[DATA SHOWN]
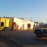 Capotamento de caminhão espalha carga na pista e mobiliza bombeiros e SAMU em Indiaroba
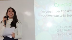 「個人部門」では、「How Can We Reduce Food Waste? (食品廃棄物をどう減らせるか)」というテーマでプレゼンテーションした、LOCHANAさんが優勝しました。準優勝は、「Food waste (食品ロス)」をテーマにプレゼンテーションした高田光莉さん、3位は、「Fortune Comes In By A Merry Gate (笑う門には福来たる)」をテーマにプレゼンテーションした伊藤珠江さんがを受賞しました。
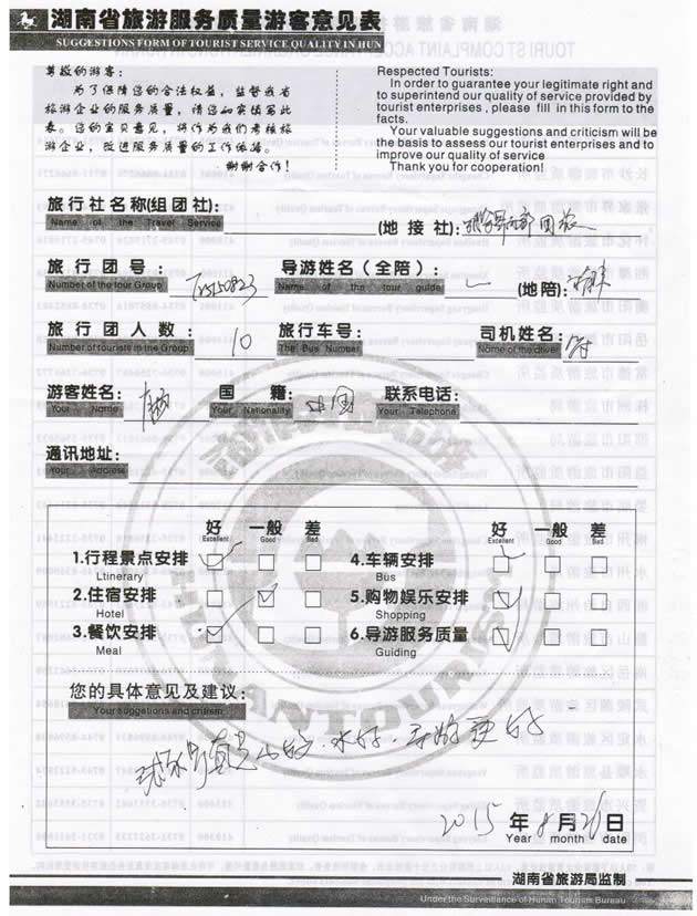 現(xiàn)在位置:首頁(yè) -> 西部國(guó)旅->旅游質(zhì)量反饋 -> 2015-8-23 江蘇肖女士一行10位貴賓 天門山、張家界、天子山、黃龍洞三日游
[/DATA SHOWN]
**THE PROBLEM**
Return the whole of the material above exactly, with no picture carried over.

**SOLUTION TO THIS TASK**
 Capotamento de caminhão espalha carga na pista e mobiliza bombeiros e SAMU em Indiaroba
 「個人部門」では、「How Can We Reduce Food Waste? (食品廃棄物をどう減らせるか)」というテーマでプレゼンテーションした、LOCHANAさんが優勝しました。準優勝は、「Food waste (食品ロス)」をテーマにプレゼンテーションした高田光莉さん、3位は、「Fortune Comes In By A Merry Gate (笑う門には福来たる)」をテーマにプレゼンテーションした伊藤珠江さんがを受賞しました。
 現(xiàn)在位置:首頁(yè) -> 西部國(guó)旅->旅游質(zhì)量反饋 -> 2015-8-23 江蘇肖女士一行10位貴賓 天門山、張家界、天子山、黃龍洞三日游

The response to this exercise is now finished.